Southeast Asia’s private equity scene is entering choppier waters as the turbulence caused by Trump’s tariffs injects fresh volatility into global markets, shrouding the exit landscape, which was beginning to pick up in roughly the past six months.
“The [private equity] market was picking up during the end of last year and the beginning of this year,” said Bain & Company’s partner Tom Kidd. Exit value in the region rose year-on-year by about 30% to $4.7 billion in 2024, according to his company’s latest report Southeast Asia Private Equity 2024 in Review.
The bulk of that value was driven by KKR’s $1.1 billion divestment of PropertyGuru to EQT and Affinity’s $966 million sale of Island Hospital.
Exit count in 2024 surged by 67% to 15 deals from the previous year, just shy of the 2019–2022 average of 18.
Rebounding market conditions in Southeast Asia were underpinned by valuation recovery in private equity-backed M&A transactions in the Asia Pacific region that saw median EV/EBITDA multiples jump to 12.8x from 10.3x in 2023.
But the recent tariff announcements by the Trump administration are putting a brake on that improving momentum in the near-term as investors are wrapping their heads around the escalating trade war.
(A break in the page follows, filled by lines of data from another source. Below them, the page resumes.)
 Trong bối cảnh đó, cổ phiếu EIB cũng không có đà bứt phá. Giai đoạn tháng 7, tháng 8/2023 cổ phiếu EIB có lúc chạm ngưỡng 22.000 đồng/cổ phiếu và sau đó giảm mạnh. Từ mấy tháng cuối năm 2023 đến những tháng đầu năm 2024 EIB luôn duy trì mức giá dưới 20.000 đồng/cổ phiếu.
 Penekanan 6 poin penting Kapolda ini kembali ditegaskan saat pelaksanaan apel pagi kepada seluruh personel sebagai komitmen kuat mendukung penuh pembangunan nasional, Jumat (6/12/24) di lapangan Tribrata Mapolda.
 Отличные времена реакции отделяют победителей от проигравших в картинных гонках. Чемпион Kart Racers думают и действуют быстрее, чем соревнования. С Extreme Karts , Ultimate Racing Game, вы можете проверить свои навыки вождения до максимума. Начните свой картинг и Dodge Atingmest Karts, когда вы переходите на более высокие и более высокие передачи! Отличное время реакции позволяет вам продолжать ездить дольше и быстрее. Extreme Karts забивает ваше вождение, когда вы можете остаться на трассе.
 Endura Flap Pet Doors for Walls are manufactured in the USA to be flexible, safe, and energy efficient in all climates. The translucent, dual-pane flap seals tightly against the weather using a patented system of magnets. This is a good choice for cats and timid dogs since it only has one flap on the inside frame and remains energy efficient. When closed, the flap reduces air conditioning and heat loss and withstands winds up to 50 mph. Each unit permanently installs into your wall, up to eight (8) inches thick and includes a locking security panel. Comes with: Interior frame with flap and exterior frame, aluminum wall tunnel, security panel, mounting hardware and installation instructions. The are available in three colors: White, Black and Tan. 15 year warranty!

“This has changed even from Wednesday to Thursday. Everyone woke up and looked at their phones today [Thursday] and the situation was already very, very different. You’re going to see that uncertainty persist in the near term and that’s going to start to slow down the gears of the deal markets,” Kidd said at a media briefing in Singapore the morning after US President Donald Trump authorised a 90-day pause in additional tariffs on over 75 nations that did not retaliate against US’ latest trade measures.
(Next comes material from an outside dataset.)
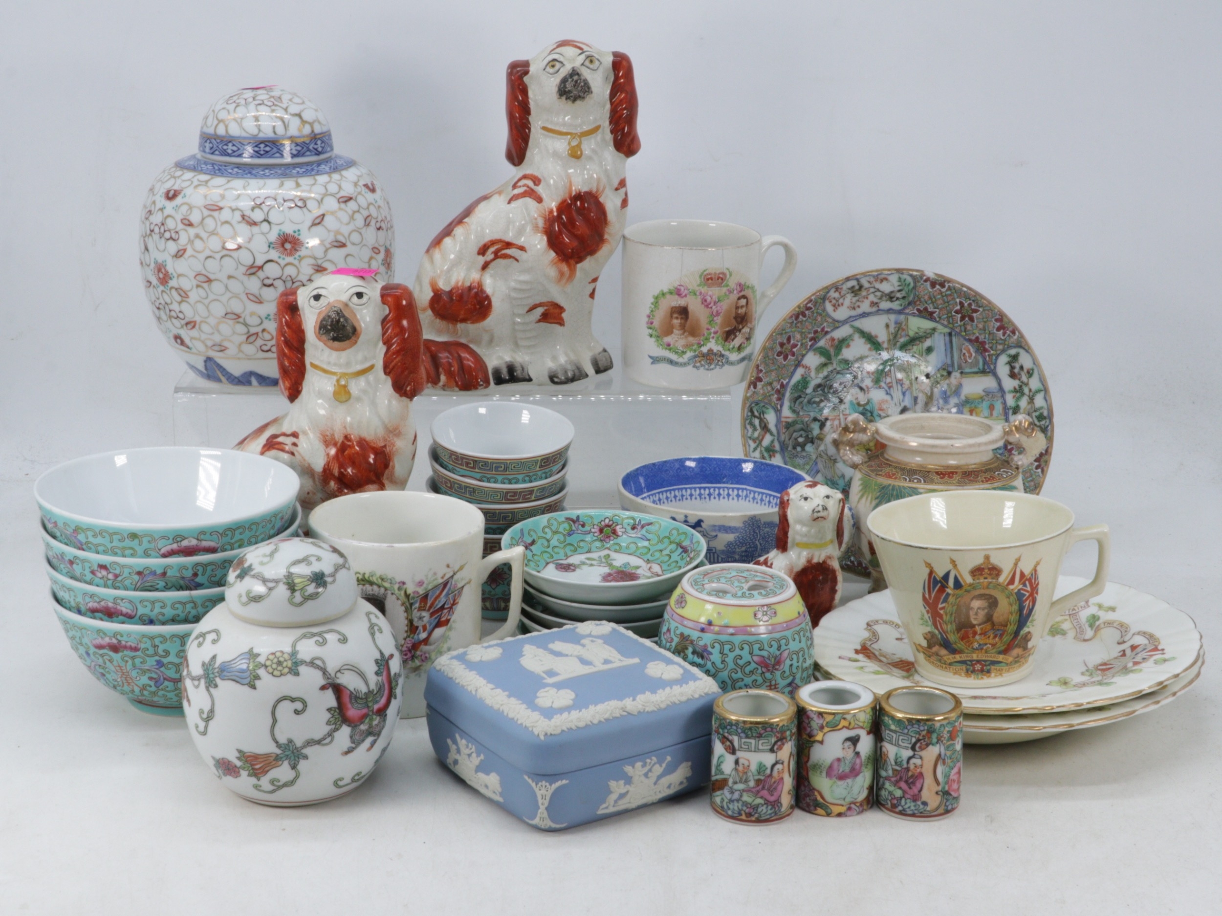 Two Staffordshire spaniels, together with a small similar, commemorative china, oriental tea ware, ginger jars etc

Lingering dealmaking uncertainty could further extend already-lengthy holding periods in APAC, potentially slowing capital raising from limited partners. Almost 60% of seven-year-old investments made in 2017 are still sitting in fund managers’ portfolios as of 2024, potentially dampening the internal rate of return at future liquidity events, per Bain data.
“The recently announced tariffs are adding another layer of complexity to dealmaking in Southeast Asia. To start, we are seeing our clients proactively assess the first and second order impact of tariffs on their portfolios in the region, ” said Usman Akhtar, head of Bain & Company’s SEA PE practice.
Infra drives dealmaking
In line with the exit activities in 2024, Southeast Asia witnessed a rebound in new PE dealmaking, which reached $15 billion in value, per the Bain report. This marked a 67% year-on-year increase from $9 billion in 2023, driven by major infrastructure investments like KKR’s transaction in ST Telemedia Data Centres and BlackRock’s deal in Ditrolic Energy.
Digital infrastructure emerged as one of the hottest sectors last year, with transactions reaching up to $3.5 billion, regaining 2022 highs thanks to transactions in data center assets and telecommunications towers, said the report.
Meanwhile, the utilities and renewables sector accounted for over half of the $2.6 billion transactions made in the energy and natural resource sector last year.
“We’re starting to see the underlying infrastructure base for Southeast Asia evolve and part of that is changing the grid and the sources of power generation. That trend has occurred in other markets around the world despite some of the recent changes in policies in departments like the United States. We’re really starting to see that play out in Southeast Asia,” said Kidd, who pointed to the surge in investment activities in solar projects.